▶ Data section:
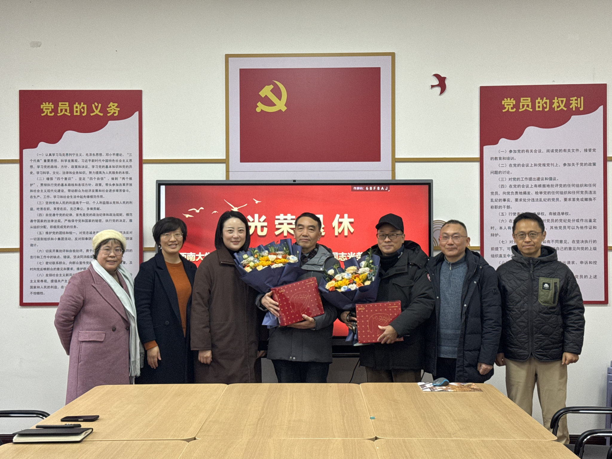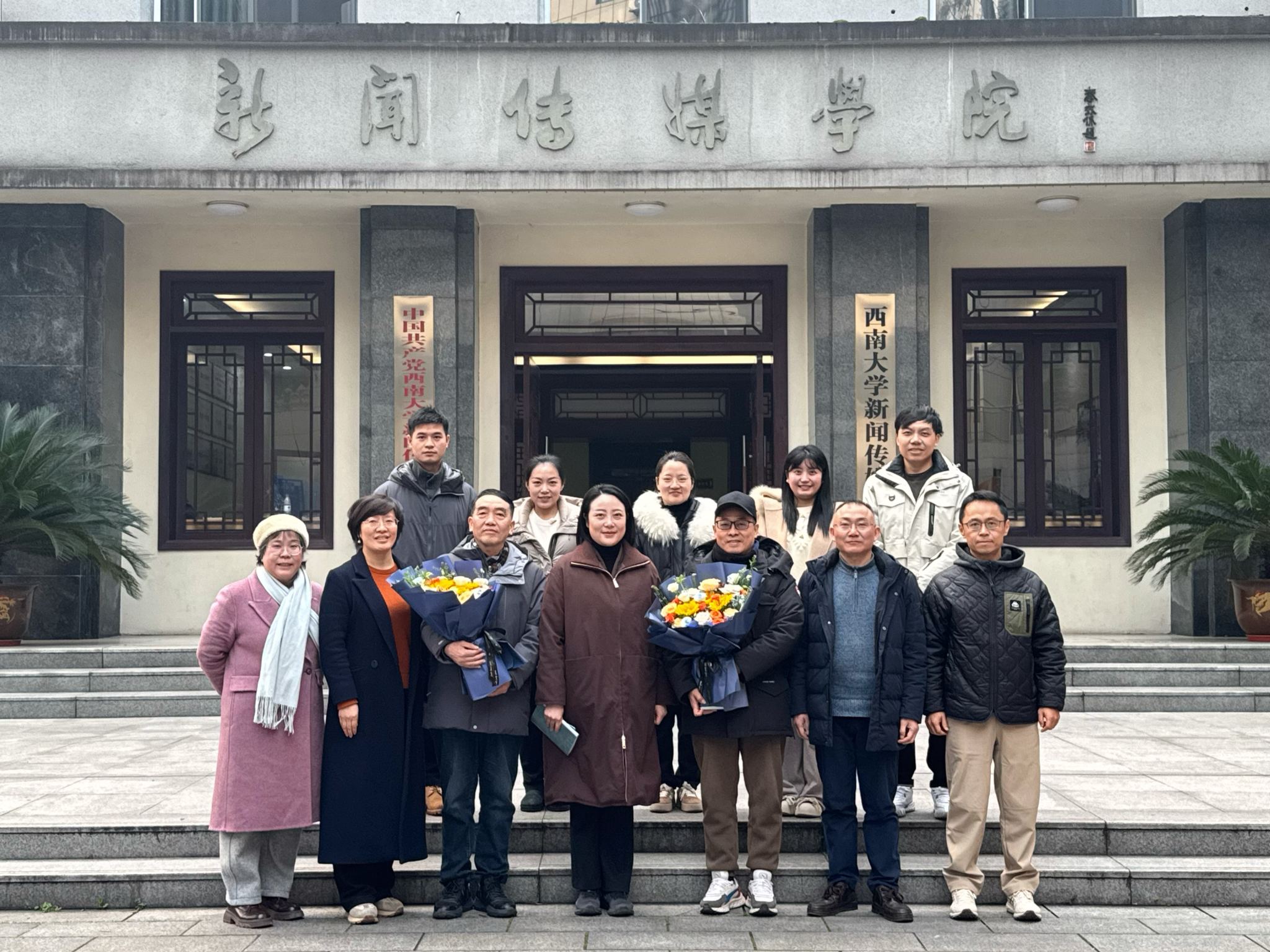 1月12日上午,新闻传媒学院为退休教师唐远洋、刘重君举行荣休仪式。学院领导班子成员、实验管理口全体工作人员及部分教师代表齐聚一堂,共同致敬两位老师数十年的辛勤耕耘与无私奉献。
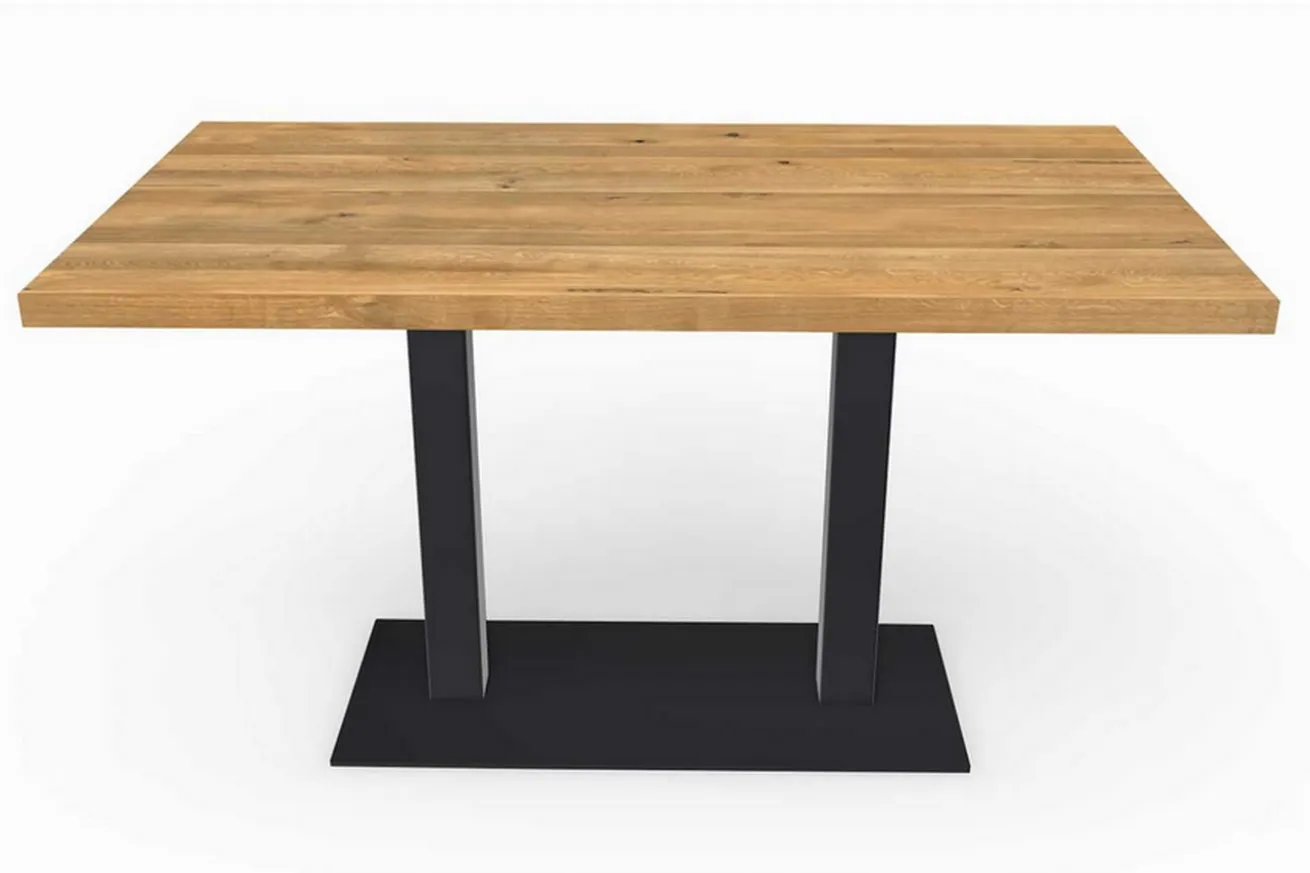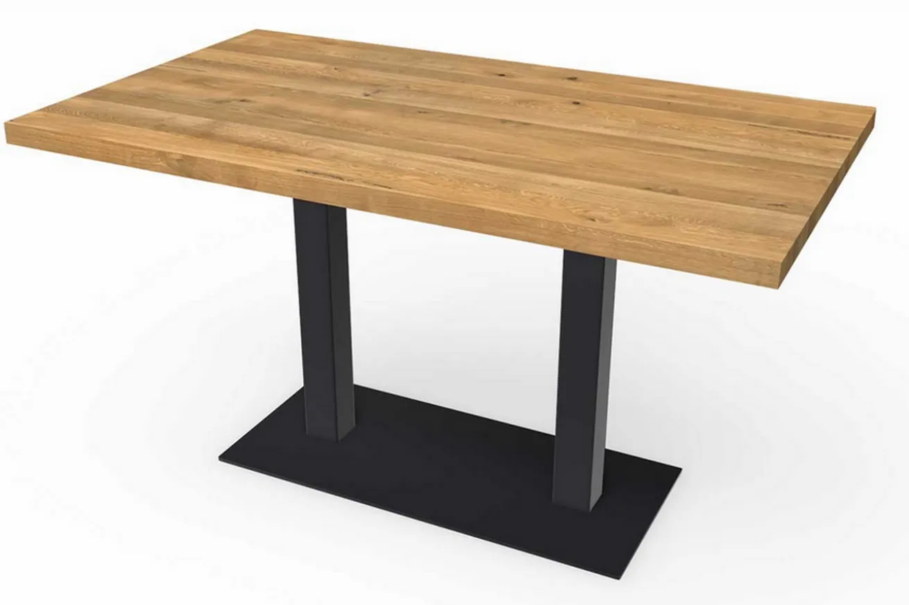 Das Produkt, das durch die Holzart rustikal erscheint, eignet sich perfekt als Esstisch in Bistros, aber auch in privaten Esszimmern. Das Eichenholz steht nicht nur im Kontrast zum schwarzen Gestell, sondern ist eine einzigartige Kombination im Loft-Stil und lässt sich perfekt mit anderen Massivholzmöbeln der gleichen Holzart zusammenstellen.
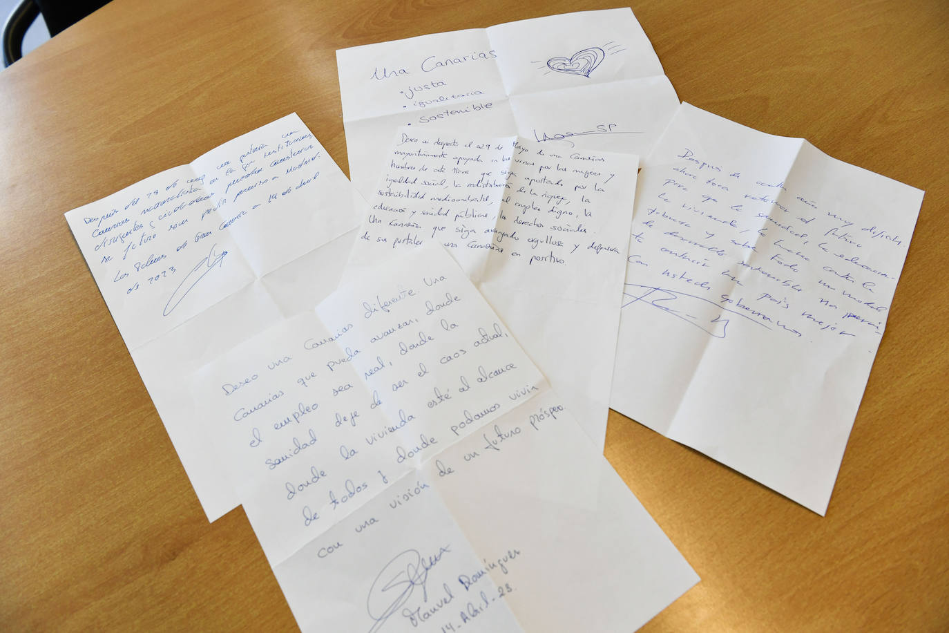 Como si fuera una de esas cápsulas del tiempo que se colocan en el acto de la primera piedra de un edificio pensando que siglos después alguien va a desentrañar el secreto, el día que acudieron a CANARIAS7 los candidatos a la Presidencia y a la Alcaldía de la capital grancanaria para una sesión gráfica conjunta, se les pidió que escribieran de su puño y letra su particular carta de los deseos para el 29 de mayo, esto es, para el día después de las elecciones.

▶ What the exercise asks: Repeat the data exactly as given. Keep every picture out of the copy.

▶ Answer below:
 1月12日上午,新闻传媒学院为退休教师唐远洋、刘重君举行荣休仪式。学院领导班子成员、实验管理口全体工作人员及部分教师代表齐聚一堂,共同致敬两位老师数十年的辛勤耕耘与无私奉献。
 Das Produkt, das durch die Holzart rustikal erscheint, eignet sich perfekt als Esstisch in Bistros, aber auch in privaten Esszimmern. Das Eichenholz steht nicht nur im Kontrast zum schwarzen Gestell, sondern ist eine einzigartige Kombination im Loft-Stil und lässt sich perfekt mit anderen Massivholzmöbeln der gleichen Holzart zusammenstellen.
 Como si fuera una de esas cápsulas del tiempo que se colocan en el acto de la primera piedra de un edificio pensando que siglos después alguien va a desentrañar el secreto, el día que acudieron a CANARIAS7 los candidatos a la Presidencia y a la Alcaldía de la capital grancanaria para una sesión gráfica conjunta, se les pidió que escribieran de su puño y letra su particular carta de los deseos para el 29 de mayo, esto es, para el día después de las elecciones.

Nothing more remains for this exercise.